:: Exercise directions ::
Your response should consist of the entire listing, transcribed exactly, with every image left out.

(Raw data)

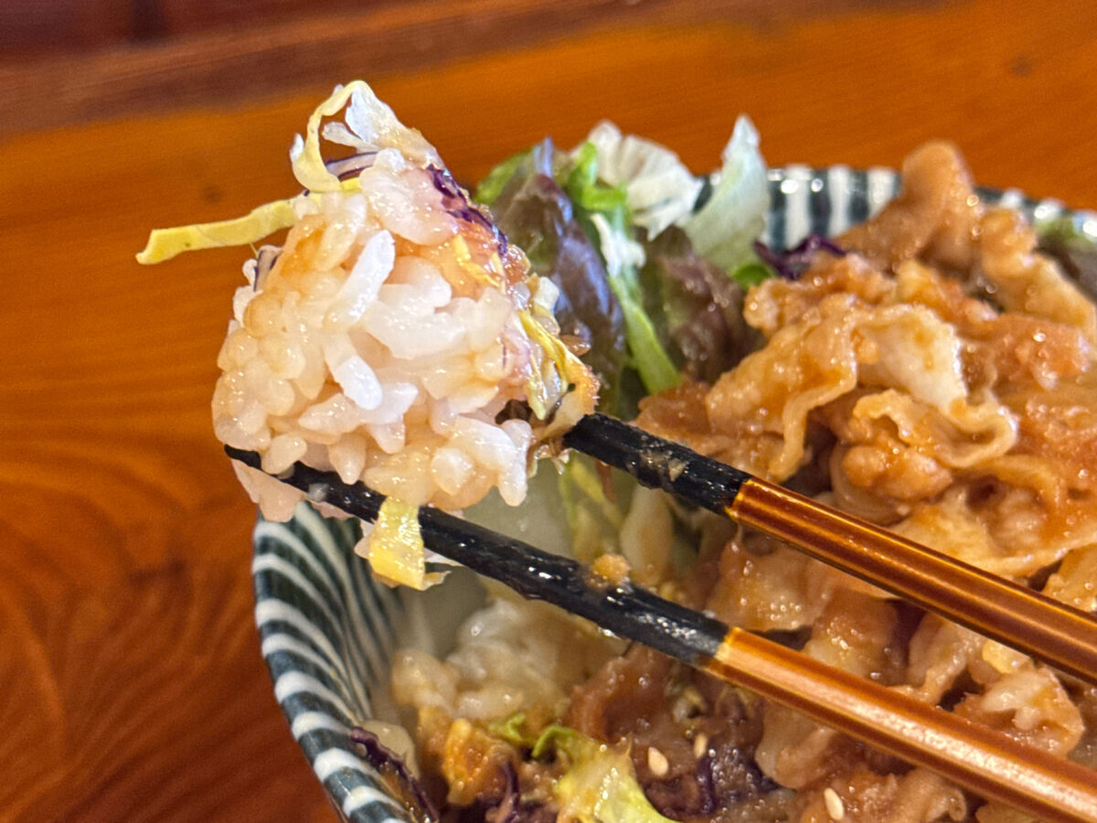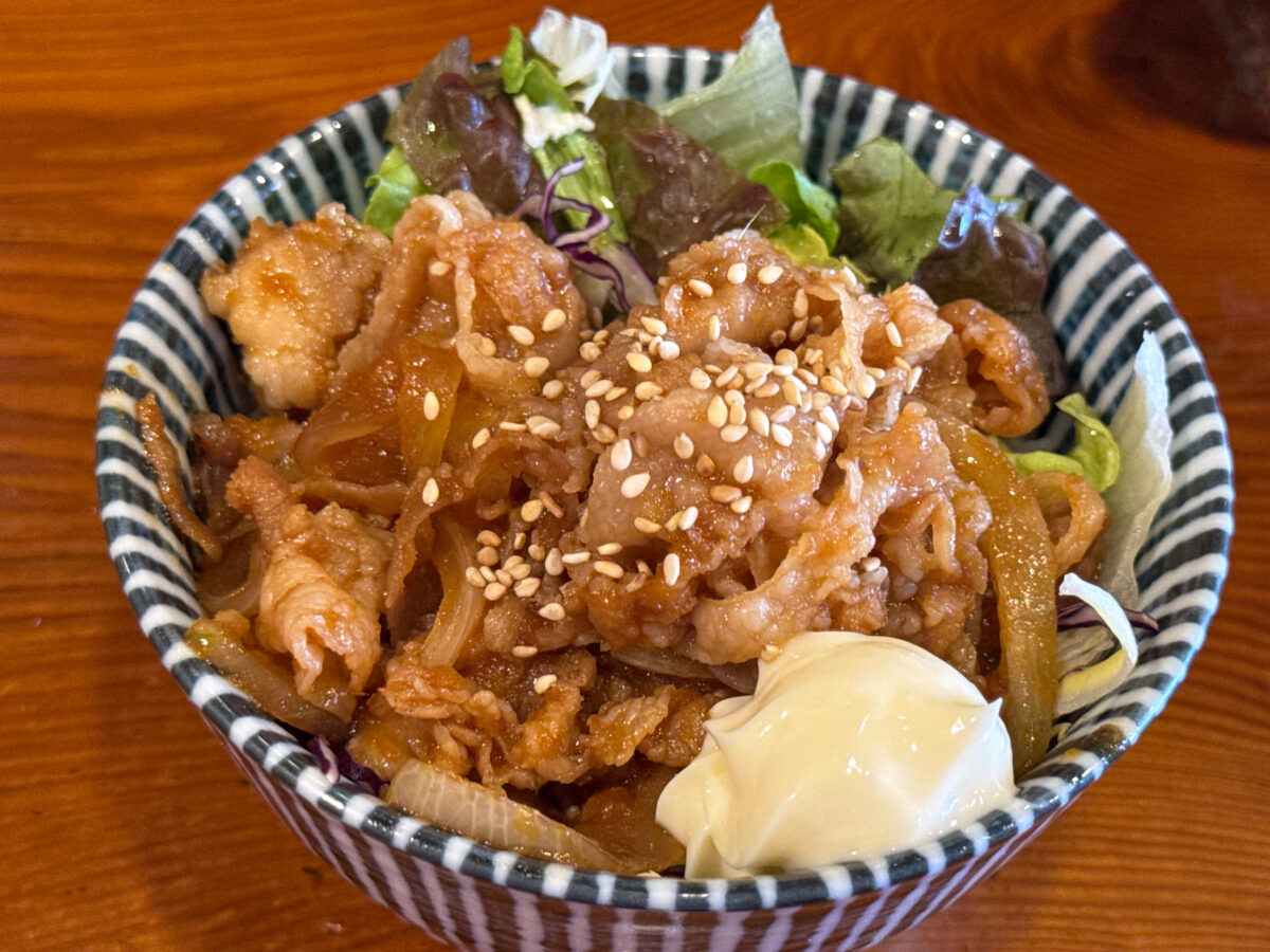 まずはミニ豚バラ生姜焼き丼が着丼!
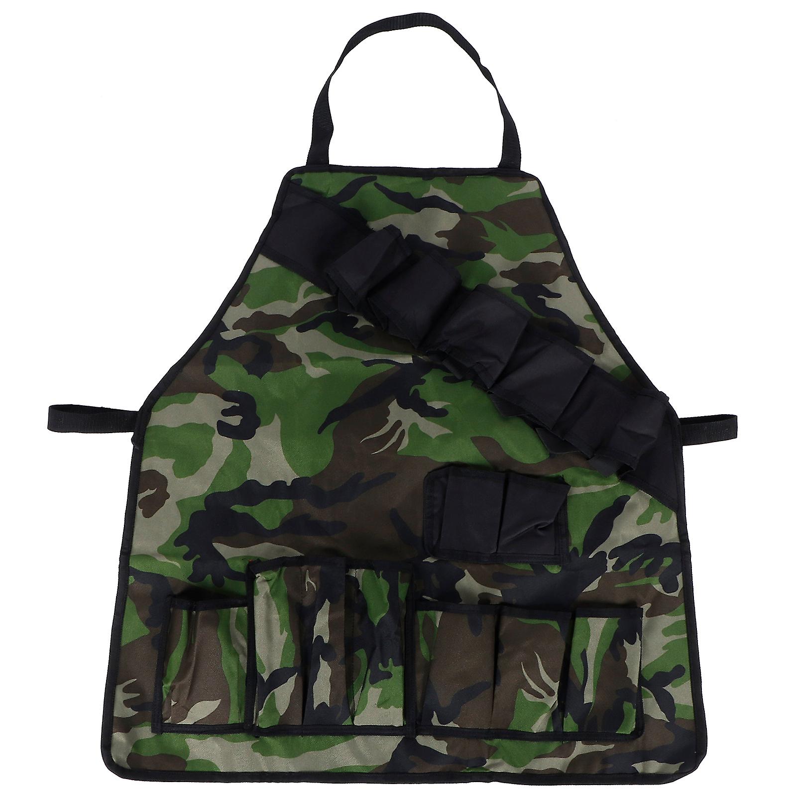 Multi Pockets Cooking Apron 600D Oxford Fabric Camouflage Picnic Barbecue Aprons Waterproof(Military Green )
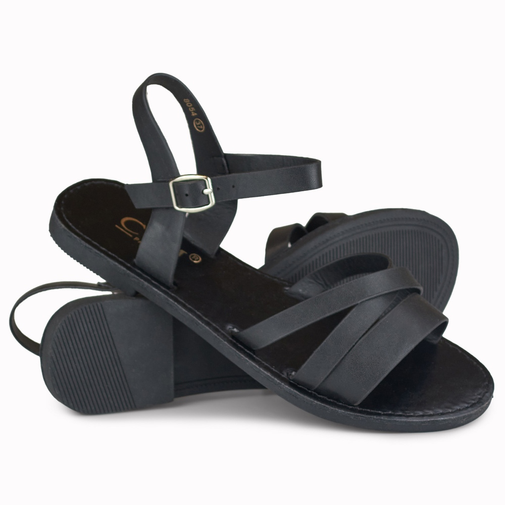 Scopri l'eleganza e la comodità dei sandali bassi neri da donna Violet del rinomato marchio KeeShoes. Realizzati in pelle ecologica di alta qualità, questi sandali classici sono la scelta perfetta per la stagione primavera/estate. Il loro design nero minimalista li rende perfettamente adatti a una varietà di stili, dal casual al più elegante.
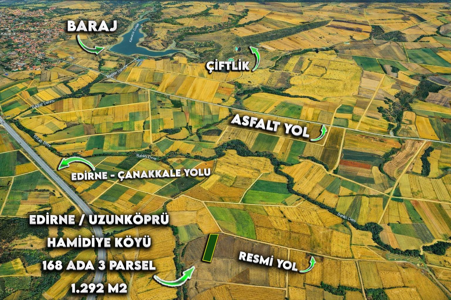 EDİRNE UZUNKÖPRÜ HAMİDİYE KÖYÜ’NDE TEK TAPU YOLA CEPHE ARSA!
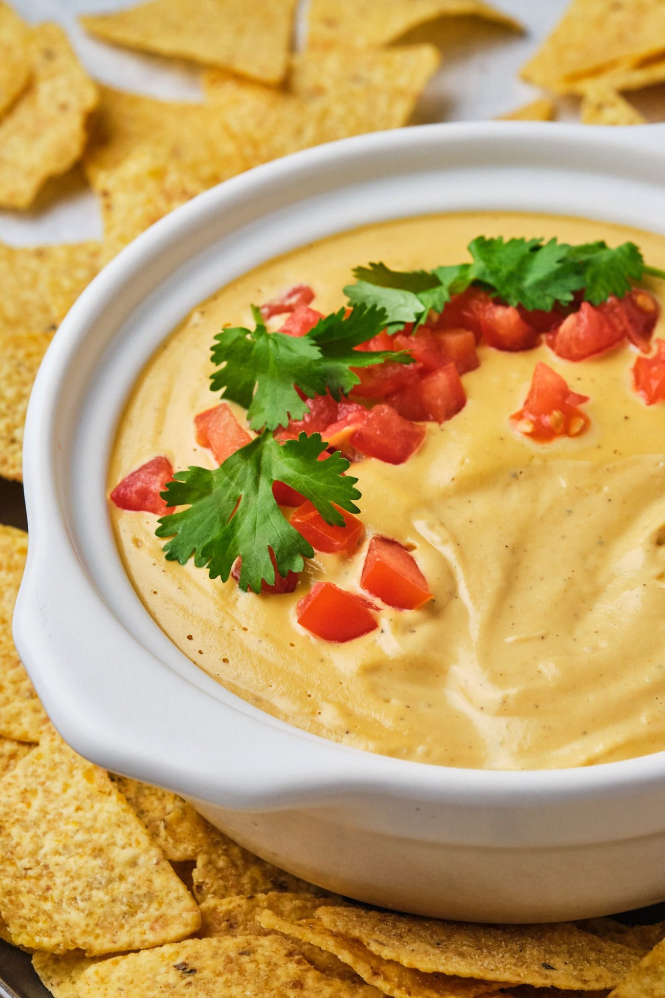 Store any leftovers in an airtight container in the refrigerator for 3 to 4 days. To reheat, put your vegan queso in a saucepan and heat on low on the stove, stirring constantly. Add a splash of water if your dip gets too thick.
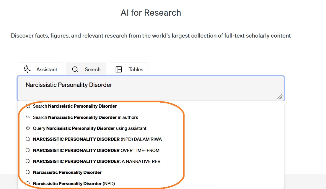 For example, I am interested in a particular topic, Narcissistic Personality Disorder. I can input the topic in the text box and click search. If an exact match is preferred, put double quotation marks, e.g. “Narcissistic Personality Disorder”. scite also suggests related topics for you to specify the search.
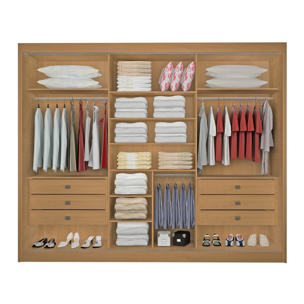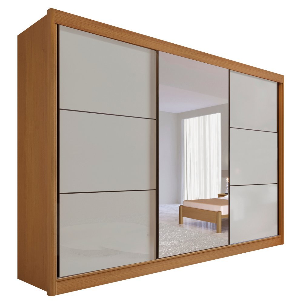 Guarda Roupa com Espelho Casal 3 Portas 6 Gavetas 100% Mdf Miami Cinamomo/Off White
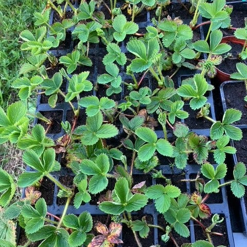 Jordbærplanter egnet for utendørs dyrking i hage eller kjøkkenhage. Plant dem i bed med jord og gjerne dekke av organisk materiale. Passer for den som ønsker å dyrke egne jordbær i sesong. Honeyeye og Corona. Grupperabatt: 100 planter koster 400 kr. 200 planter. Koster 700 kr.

(End Raw data)

:: Result for this exercise ::
 まずはミニ豚バラ生姜焼き丼が着丼!
 Multi Pockets Cooking Apron 600D Oxford Fabric Camouflage Picnic Barbecue Aprons Waterproof(Military Green )
 Scopri l'eleganza e la comodità dei sandali bassi neri da donna Violet del rinomato marchio KeeShoes. Realizzati in pelle ecologica di alta qualità, questi sandali classici sono la scelta perfetta per la stagione primavera/estate. Il loro design nero minimalista li rende perfettamente adatti a una varietà di stili, dal casual al più elegante.
 EDİRNE UZUNKÖPRÜ HAMİDİYE KÖYÜ’NDE TEK TAPU YOLA CEPHE ARSA!
 Store any leftovers in an airtight container in the refrigerator for 3 to 4 days. To reheat, put your vegan queso in a saucepan and heat on low on the stove, stirring constantly. Add a splash of water if your dip gets too thick.
 For example, I am interested in a particular topic, Narcissistic Personality Disorder. I can input the topic in the text box and click search. If an exact match is preferred, put double quotation marks, e.g. “Narcissistic Personality Disorder”. scite also suggests related topics for you to specify the search.
 Guarda Roupa com Espelho Casal 3 Portas 6 Gavetas 100% Mdf Miami Cinamomo/Off White
 Jordbærplanter egnet for utendørs dyrking i hage eller kjøkkenhage. Plant dem i bed med jord og gjerne dekke av organisk materiale. Passer for den som ønsker å dyrke egne jordbær i sesong. Honeyeye og Corona. Grupperabatt: 100 planter koster 400 kr. 200 planter. Koster 700 kr.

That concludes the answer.